We shall not annotate any prepositions unless they are caught up inside an annotation (see 7.3.3.). This parallels the annotation of locations that also excludes prepositions (e.g. demonstrations in Prague).
Here are some more examples:
It is believed that the protesters who [clashed] with police had taken part in a peaceful [demonstration] organised by the group No Borders to coincide with similar [protests] held in Paris earlier today.
Thousands march in anti-war Easter protests in Germany
As with other argument mentions, we shall annotate each time expression of a list separately, e.g.:
Today and yesterday's [demonstrations] attracted large numbers of supporters of right-wing parties.
We shall also annotate duration expressions whenever they help identify the date of an event:
Shannon Mann [...] organized a [protest] from February 16 to February 28 near one of the capture pens to observe the removal of the horses.

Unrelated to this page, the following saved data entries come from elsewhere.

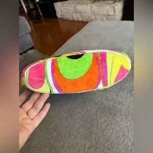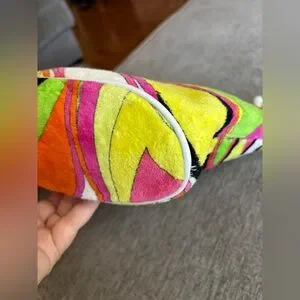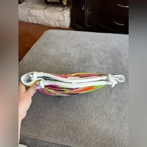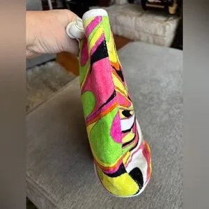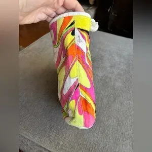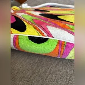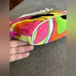 Excellent vintage condition. Colorful Terry cloth with leather trim. Authenticated. Beautiful design.
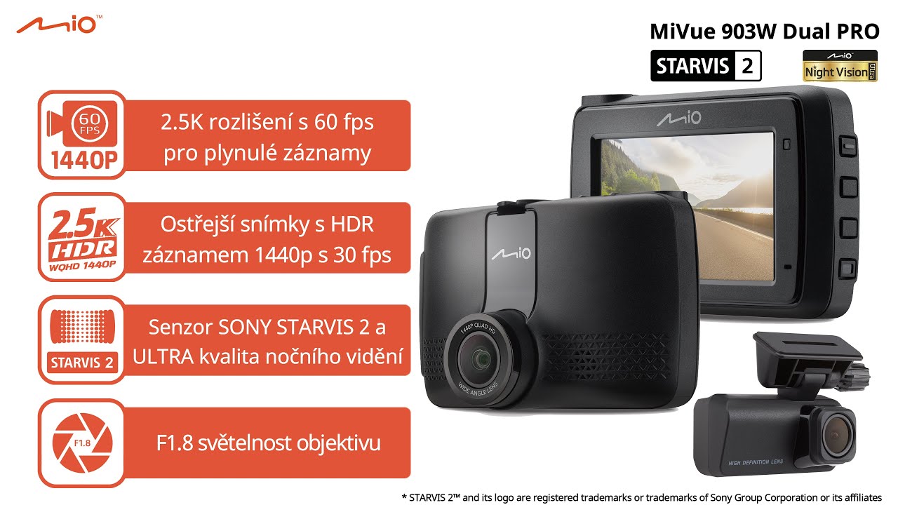 MiVue 903W Dual pro disponuje nejnovějším optickým senzorem STARVIS 2, je to technologie vyvinutá společností Sony, která poskytuje jasnější a ostřejší kvalitu obrazu a barev, zároveň vylepšuje a optimalizuje jas pro záznam v noci, čímž zajišťuje spolehlivější záběry z jízdy.
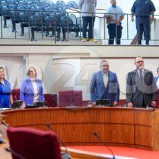 floral pa e dignatarionan. Minister Geoffrey Wever, Parlamentario Sra. Shailiny Tromp-Lee y Sr. Hendrik Tevreden y director di diferente departamento di gobierno tambe tabata presente na e mainta special aki.
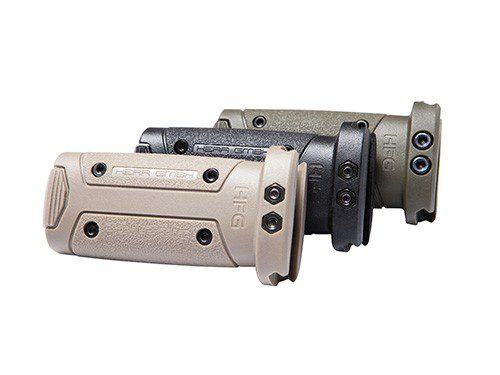 HERA Front grip (HFG) je lakomontirajući prednji rukohvat u TAN boji, izrađen od polimera ojačanog staklenim vlaknima. Zbog kratke izvedbe manje zapinje za opremu, dok je vanjština atraktivnog dizajna, uz orebrene protuklizne površine. U unutrašnjost se može smjestiti mali set alata i sl.

Observe again that we do not annotate from but we do annotate to inside of the annotation.
We shall not annotate expressions like one-hour as in one-hour demonstration.
We call the topics addressed in a protest action issues. Issues are difficult to annotate on the level of words as there are many ways to express them or they are inferred from the described situation rather than explicitly stated.
A prototypical example of an issue is the subject of a demand, claim, grievance expressed by protesters.
A concept closely related to the issue is the trigger event -- the event that triggers a protest action.
The trigger event often helps infer the issue, together with the descriptions of the protest Event and other arguments. Because of this, we shall annotate trigger events as issues.
Here we shall discuss some most general types of issue expressions. It is possible that an issue expression can be attributed to more than one type, e.g. a keyword that functions like an issue phrase.
In a newswire text, the issue is commonly expressed by the object of verbs like demand, oppose, protest (about/against/for), demonstrate against/for, campaign against/for, urge, say, symbolize, show, call on, draw attention to in the case where the subject is a protest actor.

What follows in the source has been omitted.